Why Proxy Count Matters for Web Scraping
One of the first questions any scraping project faces is deceptively simple: how many proxies do I actually need? Use too few and your IPs get banned within minutes. Use too many and you waste budget on capacity you never touch. The right number depends on your target sites, request volume, rotation strategy, and tolerance for blocks.
This guide provides a practical calculation framework so you can size your proxy pool with confidence, whether you are scraping ten pages a day or ten million.
If you are new to scraping proxies, start with our Complete Guide to Web Scraping Proxies for foundational concepts.
The Core Formula
At its simplest, the number of concurrent IPs you need is:
required_ips = (requests_per_minute) / (safe_rpm_per_ip)

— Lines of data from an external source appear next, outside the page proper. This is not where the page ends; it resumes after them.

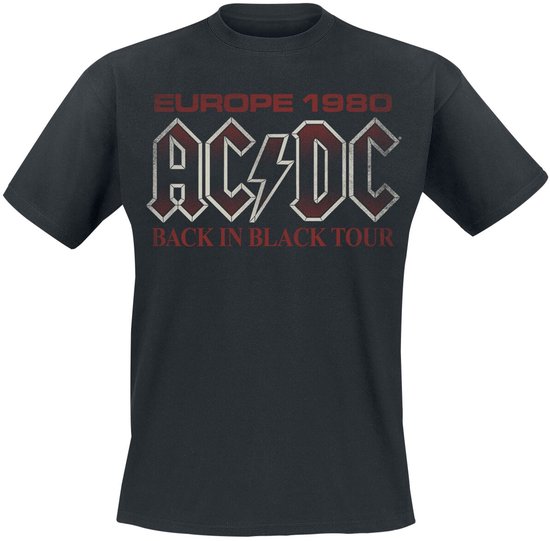 T-shirt AC/ DC Back In Black Europe 1980 noir M Katoen Homme - Produits dérivés du groupe, Groupes
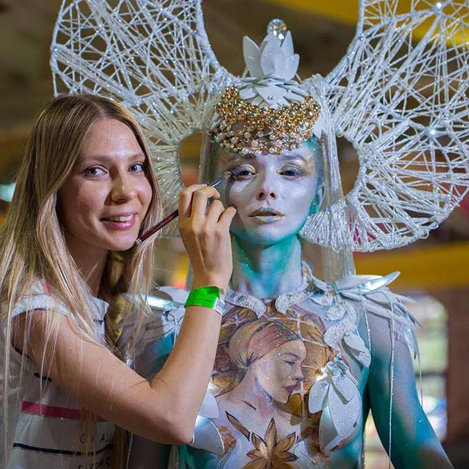 She offers face and body painting for parties, makeup, special effects, creative makeup, and other beauty entertainment, including full-body art.
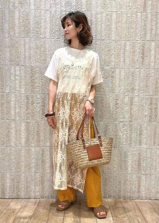サイドに長めのスリットが入っているので、ワイドパンツやデニムなども合わせやすいです。
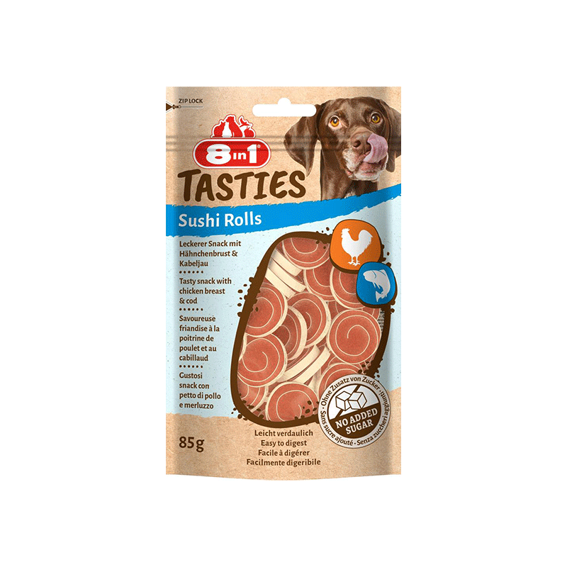 8in1 Tasties Sushi Rolls – sušio formos šunų skanėstai su gardžia vištienos krūtinėle, apvyniota menkės mėsa.

Where safe_rpm_per_ip is the maximum request rate a single IP can sustain on your target site without triggering blocks. This varies dramatically by target:
| Target Type | Safe RPM per IP | Notes |
|---|---|---|
| Small blogs / static sites | 20-60 | Minimal anti-bot |
| E-commerce (Shopify, WooCommerce) | 5-15 | Moderate rate limiting |
| Major platforms (Amazon, Google) | 1-5 | Aggressive detection |
| Social media (LinkedIn, Instagram) | 0.5-2 | Very strict enforcement |
Example Calculation
Suppose you need to scrape 50,000 product pages from an e-commerce site daily, completing the job within an 8-hour window:
# Target: 50,000 pages in 8 hours
requests_per_minute = 50000 / (8 * 60) # ≈ 104 RPM
safe_rpm_per_ip = 10 # e-commerce average
required_ips = 104 / 10 # ≈ 11 concurrent IPs
In practice, you should add a 30-50% buffer for retries, failures, and rate-limit cooldowns. So the realistic need is around 15-17 concurrent IPs.

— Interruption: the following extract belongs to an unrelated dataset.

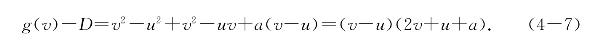 因为(v-u)>0,故当v>u≥-时,上面两式都为正,即g(u)<D<g(v),说明在

Factors That Affect Your Proxy Requirements
1. Target Site Sophistication
Sites with advanced anti-bot systems require more IPs because each IP can make fewer requests before being flagged. Google, Amazon, and major social platforms invest heavily in fingerprinting and behavioral analysis. Budget for 3-5x more IPs than the base formula suggests when targeting these sites.
2. Request Volume and Frequency
Continuous scraping (24/7 monitoring) needs more IPs than batch jobs. If you run a daily batch, you can rotate through your pool aggressively during the window, then let IPs cool down. For real-time monitoring, every IP stays active longer, increasing your total requirement.
3. Geographic Distribution
If you need data from multiple regions (localized pricing, geo-specific search results), you need IPs in each target geography. A project scraping prices in 10 countries might need 15 IPs per country, meaning 150 total. Check the available ProxyHat locations to plan your geo-distribution.
4. Session vs Rotating Requirements
Some tasks (login flows, multi-page checkout analysis) require sticky sessions where the same IP persists for minutes. This ties up IPs longer, reducing effective pool utilization. Pure data collection with no session state can rotate on every request, using each IP more efficiently.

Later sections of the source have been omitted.